Tone generator generates a second tone - java

I am trying to make a simple signalgenerator for isochronic pulsating sounds.
Basically a "beatFrequency" is controlling the amplitude variation of the main (pitch) frequency.
It works pretty well except that for some pitch frequencies above 4-5 K Hz, there is a second tone generated with lower frequency.
It's not for all frequencies but for quite many I can definetly hear a second tone.
What can this be? Some kind of resonance? I tried increasing the sampling rate, but its not changing anything, and using 44100 should be enough up to around 20 KHz, if I understand correctly?
I really can't figure it out on my own, so thankful for all help!
Here is an example code with beatFreequency 1 Hz, Pitch frequency 5000 Hz and samplerate 44100.
public void playSound() {
double beatFreq = 1;
double pitch = 5000;
int mSampleRate = 44100;
AudioTrack mAudioTrack = new AudioTrack(AudioManager.STREAM_MUSIC, mSampleRate,
AudioFormat.CHANNEL_OUT_STEREO, AudioFormat.ENCODING_PCM_16BIT,
256, AudioTrack.MODE_STREAM);
int loopLength = 2 * this.mSampleRate;
while (isPlaying) {
double[] mSound = new double[loopLength];
for (int i = 0; i < loopLength; i = i + 1) {
mSound[i] = beatFreq*Math.sin((1.0*Math.PI * i/(this.mSampleRate/pitch)));
mBuffer[i] = (short) (mSound[i] * Short.MAX_VALUE);
}
mAudioTrack.play();
mAudioTrack.write(mBuffer, 0, loopLength);
}
}
Here is (added) an image of the frequencies when I play the tone 4734Hz.. And for example there is a rather large peak at around 1100 Hz as well as many higher.
The code is now just using the pitch, I have removed the beat Freq:

In your code, you are using beatFreq*Math.sin((1.0*Math.PI * i/(this.mSampleRate/pitch)));to determine the frequency (Missing some sort of assignment here)
However, mSampleRate and pitch are int values, leading to an integer division instead of a double division.
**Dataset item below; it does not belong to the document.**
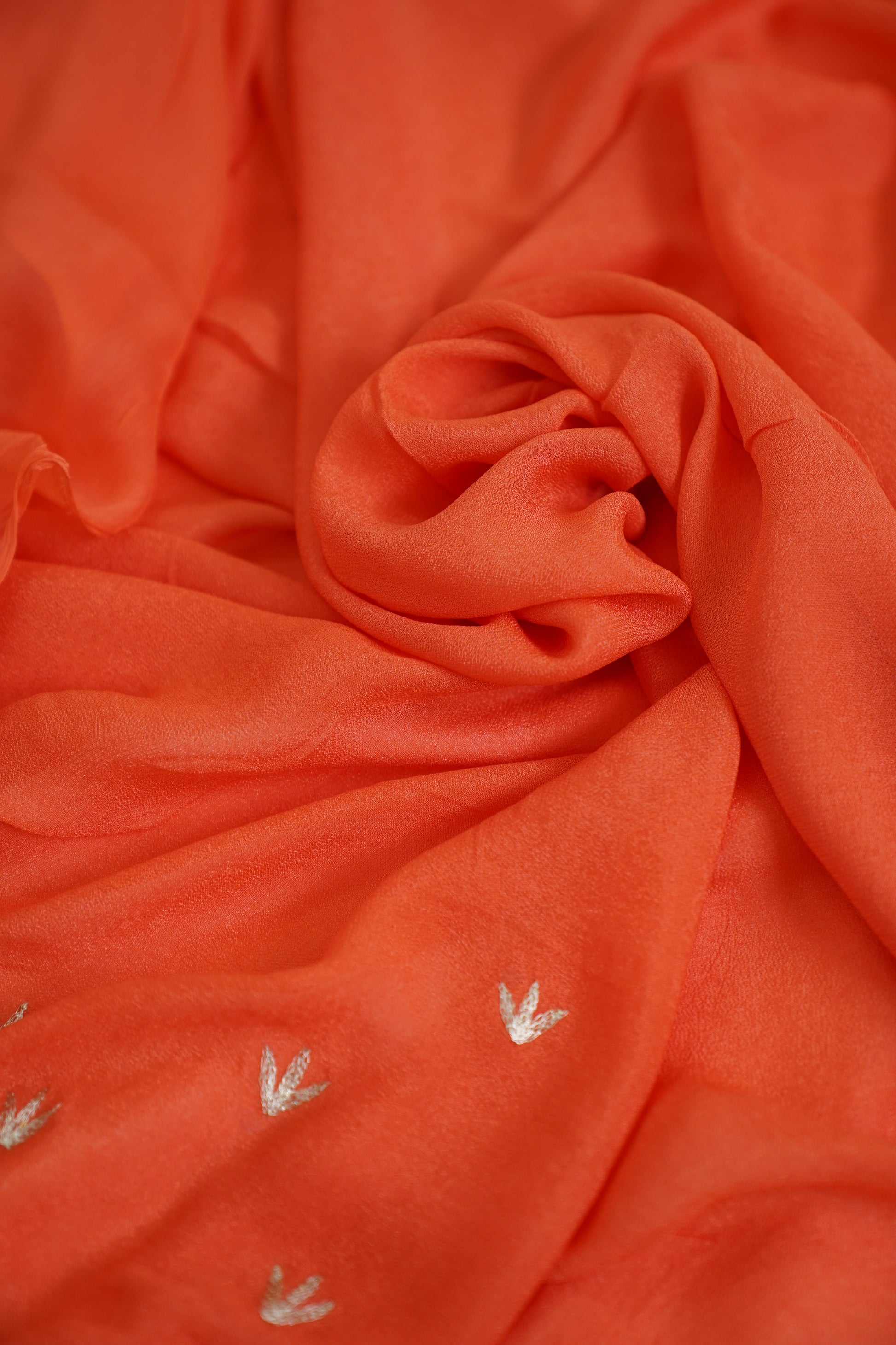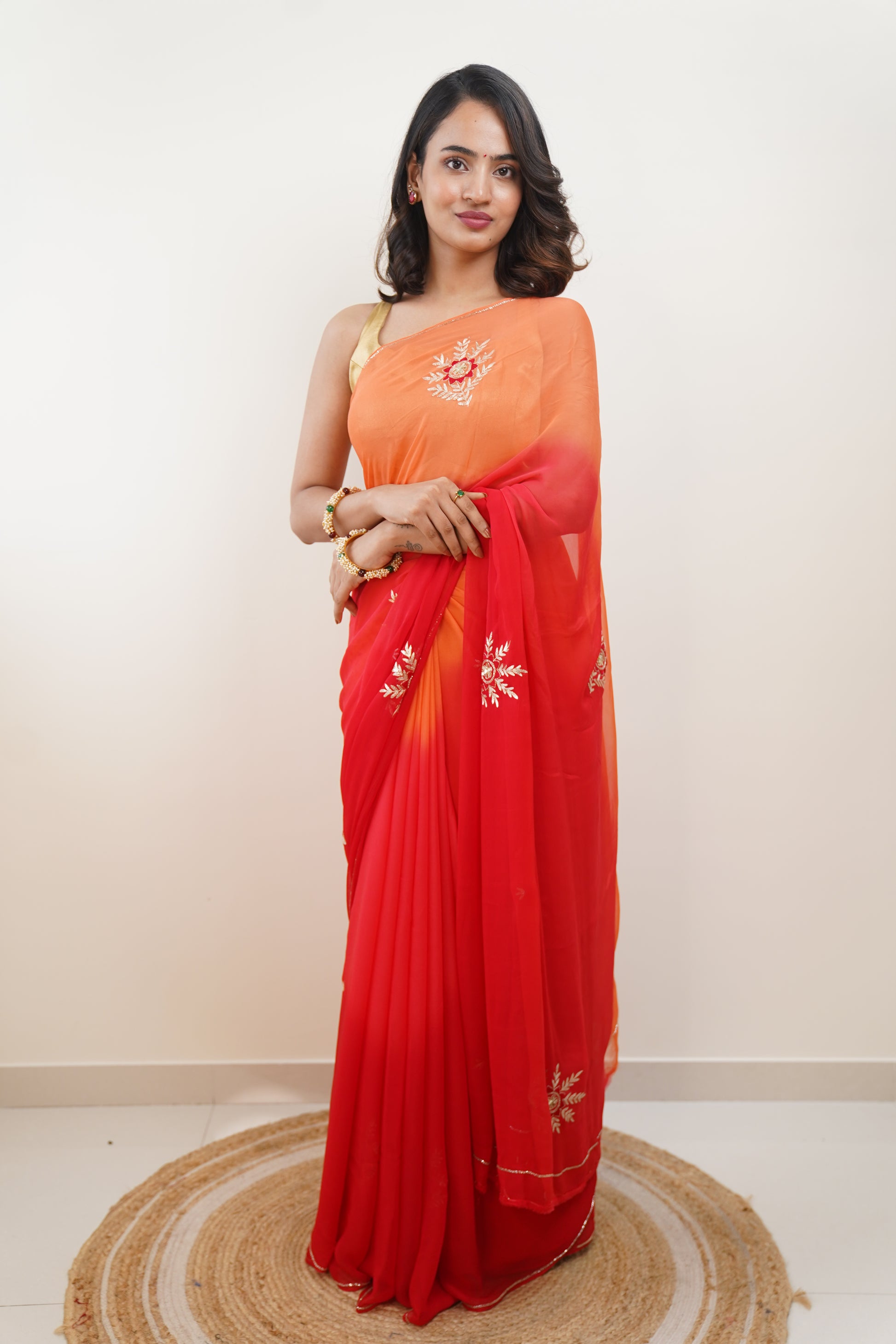 Coral and Scarlet Red Ombre Pure Chiffon Embroidered Saree

For special cases for pitch and samplerate , this will result into lower frequencies than intended. For greater pitch values the effect should getting worse.
Try to use double instead of int, that should get rid of the problem.

Rewriting answer, after better understanding question, that the OP wants to do amplitude modulation.
Yes, Java can do Amplitude Modulation. I've made a passable cricket sound, for example, by taking a 4.9KHz tone and modulating the volume at 66Hz, and giving the resulting tone an AR envelope.
In your code, the variable beatFreq remains constant over an entire for-loop. Isn't your intention to vary this as well over the course of time?
I think you should simultaneously compute the beatFreq wave value in its own function (but also using the varying i), and multiply that result (scaled to range from 0 to 1) against the value computed for the faster tone.
** EDIT
To move redundant calculations out of the inner loop the following is a possibility:
Have the following as instance variables:
private double incr;
private double incrSum;
private final double TWO_PI = Math.PI * 2;
Have the following calculation done only one time, in your constructor:
incr = pitch / audioFmt.getSampleRate();
incr *= TWO_PI;
This assumes pitch is a value stated in Hertz, and `audioFormat' is the Java AudioFormat being used. With Android, I don't know how the audio format sample rate is stored or accessed.
With this in place you can have a method that returns the next double PCM value with some very simple code:
private double getNextSinePCM()
{
incrSum += incr;
if (incrSum > TWO_PI)
{
incrSum -= TWO_PI;
}
return Math.sin(incrSum);
}
Note: do not reset incrSum to zero as you stated in your comment. This can introduce a discontinuity.
If you have a second tone, it would get its own increment and running sum. This the two results, you can then multiply them to get amplitude modulation.
Now, as to the question as how to properly convert the PCM double value returned to something Android can use, I can't give you a definitive answer as I am not running Android.
Just a comment: it seems to me you are enthusiastic about working with sound, but maybe self-taught or lagging a bit in basic programming techniques. Moving redundant calculations outside of a loop is kind of fundamental. So is the ability to make simple test cases for testing assumptions and trouble-shooting. As you go forward, I want to encourage you to dedicate some time to developing these fundamentals as well as pursuing the interest in sound! You might check out the StackOverflow code reading group as a resource for more tips. I am also self-taught and have learned a lot from there as well as the code-reading course at JavaRanch called "CattleDrive".

Related

How to find the length of a short array to fill a video with audio using Xuggler?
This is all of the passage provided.